# PROVIDED DATA
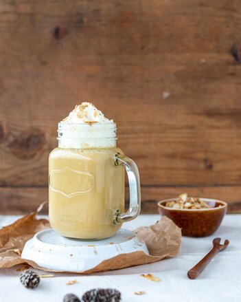 Do horkého mandlového mléka přidejte dýňové pyré a všechno koření. Ručním mixérem ještě za tepla vymixujte do nadýchané pěny a rozdělte do sklenic.
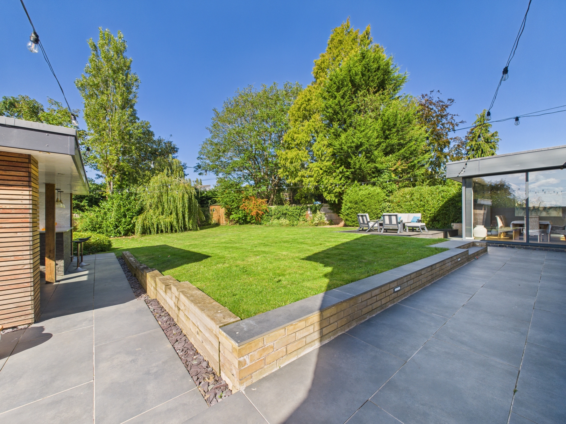 Outside, the front of the property features a lawned garden and a large driveway providing ample off-road parking. This leads to a deceptively long 10-meter tandem garage, which has a courtesy door opening directly onto the rear garden. The rear garden itself is private and west facing, with a porcelain tiled patio accessible from both the kitchen and cinema room. Beyond the patio lies a raised decked area and a spacious lawn bordered by mature plants and trees. Completing the garden is a fully equipped outdoor kitchen with a pizza oven, fitted units, wine chiller, sink, heaters, and a television.
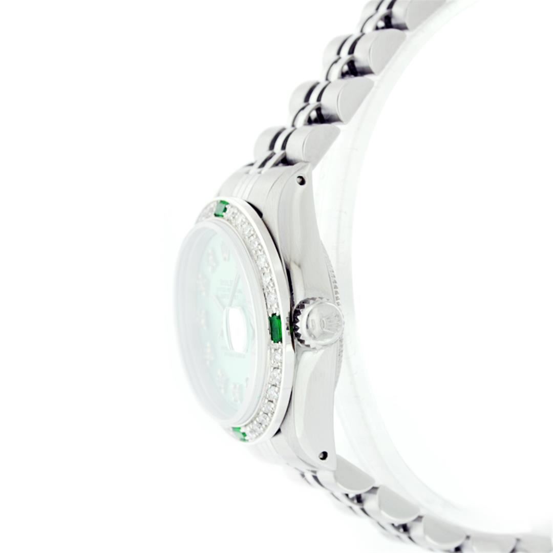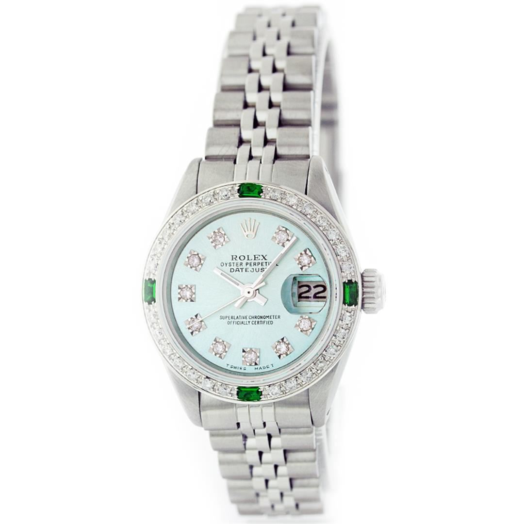 One Ladies Rolex Datejust Polished Bright with Satin Finish, Serviced & Electronically Tested, Stainless Steel Case:26mm, Stainless Steel Crown, Custom Bezel: 18K White Gold Emerald Beadset Diamond Bezel, Diamond + Gem Count: 28 Diamonds + 4 Emeralds Total Weight .70 Carat, Clarity: SI-VS, Color: G to H. Custom Crystal: Synthetic Sapphire Cyclops Lens. Movement: Automatic Winding Movement Caliber 2030. Custom Dial: Ice Green Diamond Dial, Diamond Count: 10 Diamonds, Clarity: SI-VS, Color: G to H. Date Window: 3 O'Clock Position Date Display, Non Quickset, Model: Datejust, Condition: G-6 Extra Fine. Bracelet: Stainless Steel Jubilee. Bright Polish & Satin Finish. 5.5 Inch Length, Adjustable. Standard Clasp, With Rolex Logo.
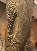 Please check the old repair as can be seen on the pictures (straight under the Tiki face)
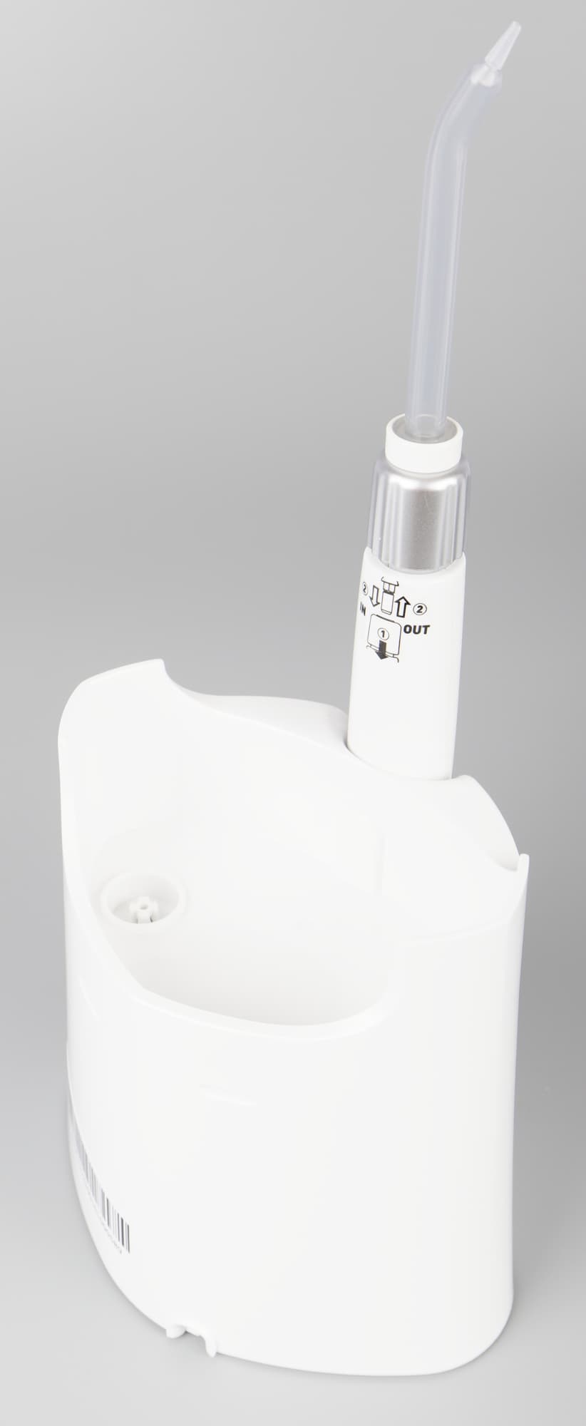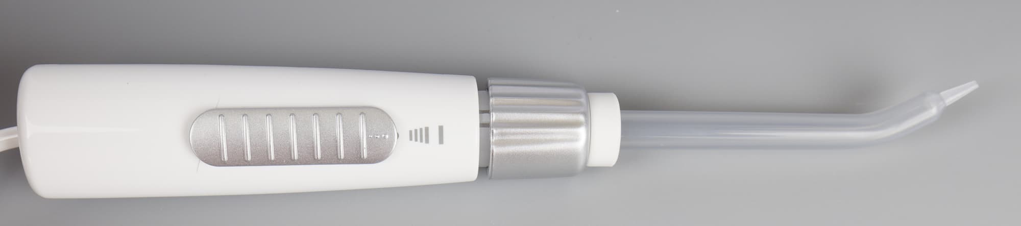 Прибор симпатично выглядит и удобен в эксплуатации. Отдельно отметим, что переключатель-бегунок на рукоятке позволит мгновенно приостановить подачу воды при возникновении дискомфорта. Очень удобно — не нужно отключать ирригатор через кнопку на корпусе и впоследствии начинать чистку заново. Эти особенности могут оказаться важны при использовании прибора детьми, пожилыми людьми и при кровоточивости десен (или просто если вдруг струя попала в особо чувствительное место).
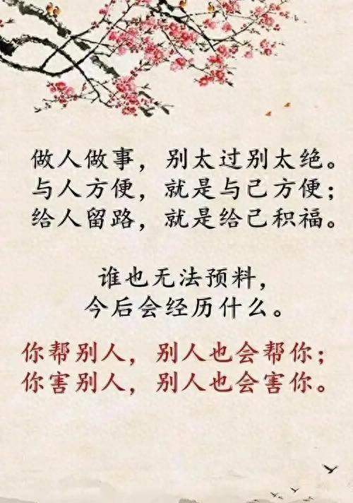 人生如棋,落子需谨慎,落子无悔却需留眼。处事之道的大智慧在于:不把事做绝,不把话说满,即是宽容他人,亦是成全自己。人间万事皆有度,过则为灾,不如无。常言道:做人留一线,日后好相见。做人做事不要太绝,否则等于自掘坟墓,既伤了他人,也断了自己的后路。
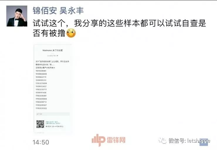 10月31日,宅客频道从朋友圈看到,锦佰安公司业务安全部总监吴永丰称:“双‘11’狂欢前的黑夜正在爆发,京东全品券都被羊毛团伙抢了吧”,并附上了部分黑产手机号样本。
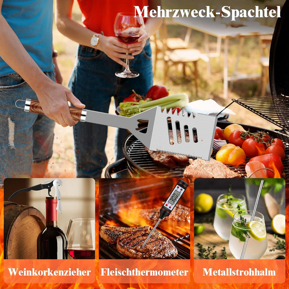 Grilliance 38 Stücke BBQ Grillbesteck Set Edelstahl Grillzubehör für Männer Geschenk Geburtstag Hoch

# WHAT THE TASK ASKS
Return the entries above exactly and in full; do not include images.

# WRITTEN ANSWER
 Do horkého mandlového mléka přidejte dýňové pyré a všechno koření. Ručním mixérem ještě za tepla vymixujte do nadýchané pěny a rozdělte do sklenic.
 Outside, the front of the property features a lawned garden and a large driveway providing ample off-road parking. This leads to a deceptively long 10-meter tandem garage, which has a courtesy door opening directly onto the rear garden. The rear garden itself is private and west facing, with a porcelain tiled patio accessible from both the kitchen and cinema room. Beyond the patio lies a raised decked area and a spacious lawn bordered by mature plants and trees. Completing the garden is a fully equipped outdoor kitchen with a pizza oven, fitted units, wine chiller, sink, heaters, and a television.
 One Ladies Rolex Datejust Polished Bright with Satin Finish, Serviced & Electronically Tested, Stainless Steel Case:26mm, Stainless Steel Crown, Custom Bezel: 18K White Gold Emerald Beadset Diamond Bezel, Diamond + Gem Count: 28 Diamonds + 4 Emeralds Total Weight .70 Carat, Clarity: SI-VS, Color: G to H. Custom Crystal: Synthetic Sapphire Cyclops Lens. Movement: Automatic Winding Movement Caliber 2030. Custom Dial: Ice Green Diamond Dial, Diamond Count: 10 Diamonds, Clarity: SI-VS, Color: G to H. Date Window: 3 O'Clock Position Date Display, Non Quickset, Model: Datejust, Condition: G-6 Extra Fine. Bracelet: Stainless Steel Jubilee. Bright Polish & Satin Finish. 5.5 Inch Length, Adjustable. Standard Clasp, With Rolex Logo.
 Please check the old repair as can be seen on the pictures (straight under the Tiki face)
 Прибор симпатично выглядит и удобен в эксплуатации. Отдельно отметим, что переключатель-бегунок на рукоятке позволит мгновенно приостановить подачу воды при возникновении дискомфорта. Очень удобно — не нужно отключать ирригатор через кнопку на корпусе и впоследствии начинать чистку заново. Эти особенности могут оказаться важны при использовании прибора детьми, пожилыми людьми и при кровоточивости десен (или просто если вдруг струя попала в особо чувствительное место).
 人生如棋,落子需谨慎,落子无悔却需留眼。处事之道的大智慧在于:不把事做绝,不把话说满,即是宽容他人,亦是成全自己。人间万事皆有度,过则为灾,不如无。常言道:做人留一线,日后好相见。做人做事不要太绝,否则等于自掘坟墓,既伤了他人,也断了自己的后路。
 10月31日,宅客频道从朋友圈看到,锦佰安公司业务安全部总监吴永丰称:“双‘11’狂欢前的黑夜正在爆发,京东全品券都被羊毛团伙抢了吧”,并附上了部分黑产手机号样本。
 Grilliance 38 Stücke BBQ Grillbesteck Set Edelstahl Grillzubehör für Männer Geschenk Geburtstag Hoch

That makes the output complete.